June 1997: The Amber Hagerman task force disbands.

November 1998: The first Amber Alert to lead to prosecution occurs in Arlington. Police issued an alert for 8-week-old Rae-Leigh Bradbury, who was kidnapped by her baby sitter, Sandra Joyce Fallis, who took the child with her to go to a crack house in Dallas. The child was returned safely after a driver spotted Ms. Fallis' truck about 90 minutes after the alert was issued.

May 1999: As more media outlets join the Amber Plan, complaints of overuse put the plan in trouble. After six alerts are issued in five weeks, program founders tighten the criteria on alerts, trying to eliminate alerts issued for custody disputes. They expand training for law enforcement and implement a review committee to evaluate all alerts and inform departments when questionable alerts were issued.

December 2000: Houston authorities announce a regional Amber Plan for 13 counties in southeast Texas.

Aug. 12, 2002: Gov. Rick Perry signs an executive order extending the Amber Alert statewide. Two days later, Abilene police issue the first alert after 1-month-old Nancy Crystal Chavez was kidnapped from her mother's minivan in a Wal-Mart parking lot. The first statewide Amber Alert led to the safe return of the girl and the arrest of former prison guard Paula Roach, 24.

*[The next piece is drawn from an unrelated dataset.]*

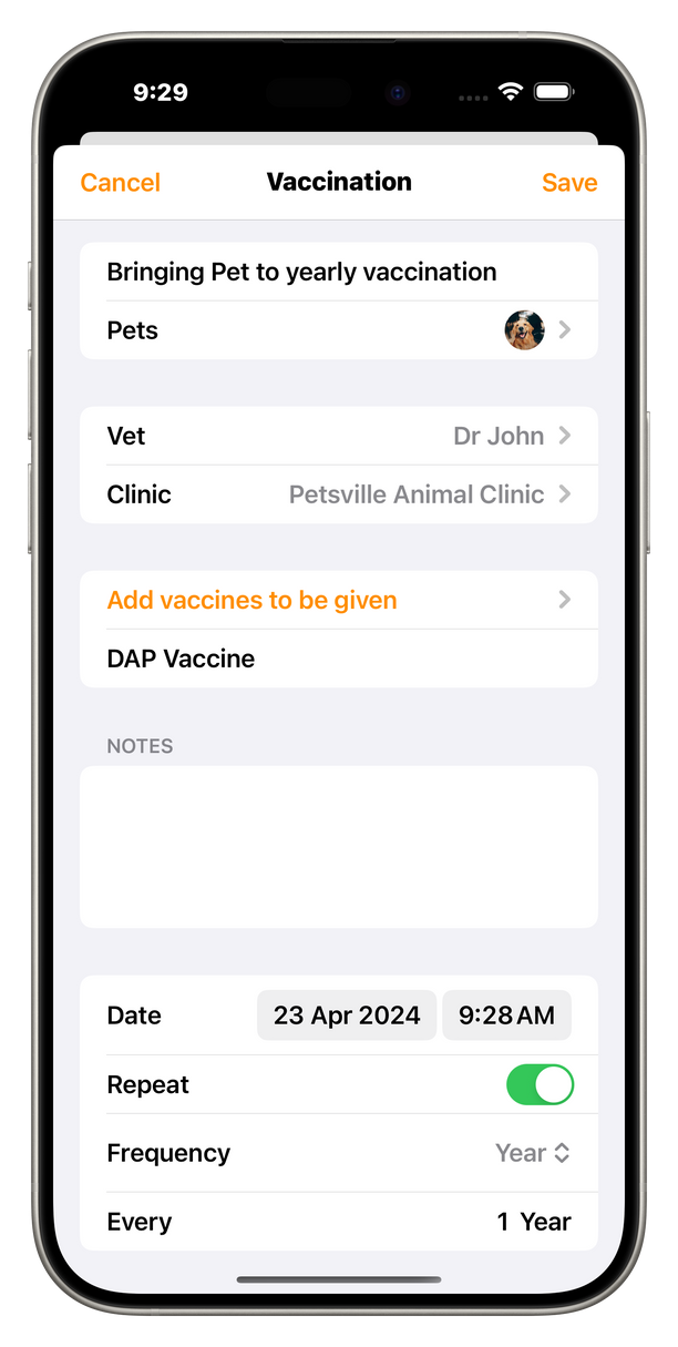 I have been looking for ages to find the perfect app for logging my dogs information and this app is absolutely perfect. I am able to track his worming and flea treatments, his annual booster, his insurance and microchip information, his weight, and food information.

October 2002: U.S. Attorney General John Ashcroft appoints the nation's first Amber Alert coordinator to assist the growing number of state and local Amber programs.

April 2003: President Bush signs a law giving states grant money to start alert programs and authorizing creation of voluntary guidelines on when Amber Alerts should be issued.

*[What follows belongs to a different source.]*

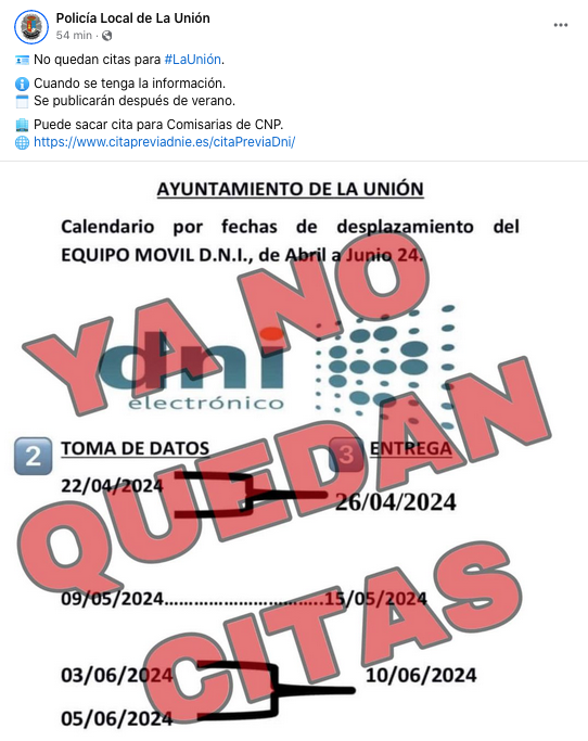 - Por otro lado, el cuerpo municipal informa que se han agotado las citas para el DNI hasta junio, inclusive

November 2003: Chuck Wood uses a stun gun on his estranged wife and takes his 7-month-old son. Grand Prairie police wait two days to issue an Amber Alert, and they issue the alert only after Mr. Wood said through an attorney that he would rather die than give up his son. Officials hesitate to issue the alert because it was believed Mr. Wood had taken the child as part of a custody dispute. Amber Alert criteria urge law enforcement officials to avoid using it every time an estranged parent takes a child from his or her spouse. Mr. Wood safely returned the baby six weeks later.

April 2004: The Justice Department issues "Guidance on Criteria for Issuing Amber Alerts." The guidelines say agencies should issue an alert only when a child has been abducted, is believed to be in danger and when there is enough information available to facilitate the public's help in locating a victim or suspect.

February 2005: Hawaii becomes the 50th state to implement an Amber Alert program.

January: Regina Schofield, the U.S. assistant attorney general for the Office of Justice Programs who serves as the national Amber Alert coordinator, said she would continue to find ways to expand the Amber Alert effort, including working with the private sector to allow alerts to be transmitted to cellphones. Currently, if a cellphone is capable of receiving text messages, and a wireless carrier participates in the Wireless Amber Alerts Initiative, users can register to receive the alerts at www.wirelessamberalerts.org.

NATIONAL AMBER ALERT AWARENESS DAY

The U.S. Department of Justice will sponsor a special ceremony in Washington today to unveil a new postage stamp recognizing the Amber Alert. Officials also are encouraging every state today to sponsor activities related to missing and abducted children.

As part of the observance, state Amber Alert coordinators are working with schools across the country to kick off a missing children poster contest to raise students' awareness about keeping safe.

A toolkit containing materials to help communities participate in Amber Alert Awareness Day and is available at www.amberalert.gov.

Laurie Fox

ISSUING AN ALERT

The U.S. Justice Department recommended the following criteria for issuing an Amber Alert:

• Law enforcement has a reasonable belief that an abduction has occurred.

• The law enforcement agency believes that the child is in imminent danger of serious bodily injury or death.

• Enough descriptive information exists about the victim and the abduction to assist in the recovery of the child.

• The child is 17 years old or younger.

• The child's name and other critical information have been entered into the National Crime Information Center system.